It was the artisans of Katalamara, Shankhela, village in the northeastern state of Tripura, who first introduced Bangalore-based designer Sandeep Sangaru to bamboo at the Bamboo and Cane Development Institute in Agartala.

“In 2003, while I was a faculty member at the National Institute of Design (NID), I was sent to Tripura as part of a programme to expose local artisans to contemporary designs and products to help them cope with present day markets. It was a programme designed by the NID and I spent about six weeks there,” recalls Sangaru.


Sandeep Sangaru poses with his inaugural furniture collection, titled Truss Me

While the designer introduced the artisans to contemporary designs, they opened up the world of bamboo to him. “Until then, I was an industrial designer and had worked mainly on production design in movies, using metal and wood,” he says.

Sangaru realised that people in the northeast used bamboo to make just about anything. “It is such a simple material but can be used in so many different ways,” he adds. While working with the artisans, the designer got first-hand experience working on bamboo. Impressed by the material, he began working on designs that later became part of his now widely acclaimed Truss Me collection. Launched in 2010, the “handcrafted and sustainable collection” includes chairs, bookcases and a kids collection.


Sandeep Sangaru with the artisans from Tripura

In 2004, Sangaru left NID to set up his own venture. He travelled across Kashmir, Rajasthan and Karnataka to work with local craftsmen. “Although I worked with various materials during this period, I decided to return to bamboo. As opposed to wood — such as that of the walnut tree used in Kashmir — bamboo is more sustainable, grows faster and is cheap and easy to work with,” says Sangaru. He returned to Tripura, where he lived with the artisans, to work on the Truss Me collection. With the Red Dot Best of the Best Design Award in 2009, his designs won widespread recognition.

Eight artisans from Tripura continue to work with Sangaru, who is currently stationed in Bangalore. Most are from the younger generation, who may otherwise have struggled to make ends meet, and not continued this generations-old tradition.

“This is the perfect collaboration. While I handle the design bit, they utilise their skills. Although we are now in Bangalore, I plan to return to Tripura. Not all the artisans are able to leave their homes; these include mostly women who have families to tend to. It is important for me to stay with them so they are exposed and involved in all aspects of production,” says Sangaru.

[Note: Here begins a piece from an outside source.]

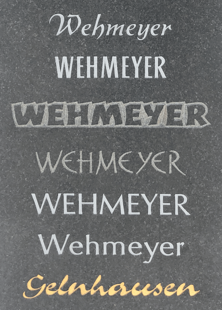 Der Name des Verstorbenen sowie dessen Geburts- und Sterbedaten gehören auf jeden Grabstein. Zusätzlich haben Sie die Möglichkeit, dem Verstorbenen zum Beispiel einen persönlichen Spruch zu widmen und so noch mehr über ihn zu erzählen. Wir bieten Ihnen unterschiedliche Gestaltungsmöglichkeiten für die Inschrift, so dass diese optimal mit dem gewählten Grabstein harmoniert.
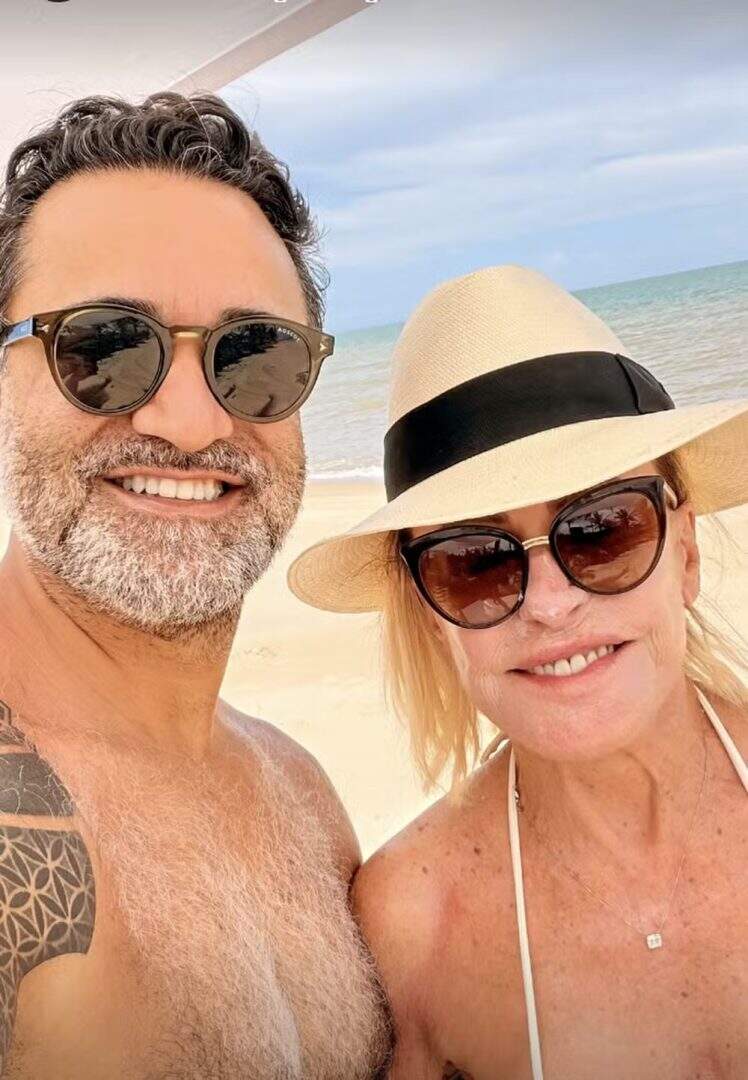 Ana Maria Braga, de 76 anos de idade, aproveitou o sábado (22) para se bronzear com o marido, Fábio Arruda, de 54 anos. Os dois viajaram para o litoral logo após o fim do Mais Você na sexta-feira (21) e posaram juntos em um cenário paradisíaco durante o dia. Ela usou um biquíni branco, chapéu bege, óculos escuros e caprichou no protetor solar.

Winning the British Council Award for Young Creative Entrepreneur working for social impact has helped encourage the younger generation to continue working as craftsmen. The award, as part of which Sangaru was sent to London for a week, enabled him to network with like-minded designers, and learn about the creative markets in the UK.

Sangaru, whose bamboo designs are going to be part of a retail outlet in Singapore starting December 1, plans to move to other materials soon. “I will continue to work with natural materials using traditional techniques. Currently I am working with artisans in Bangalore — we’re coming up with a range of terracotta cookware. After that, I hope to work with the artisans in Kashmir,” he concludes.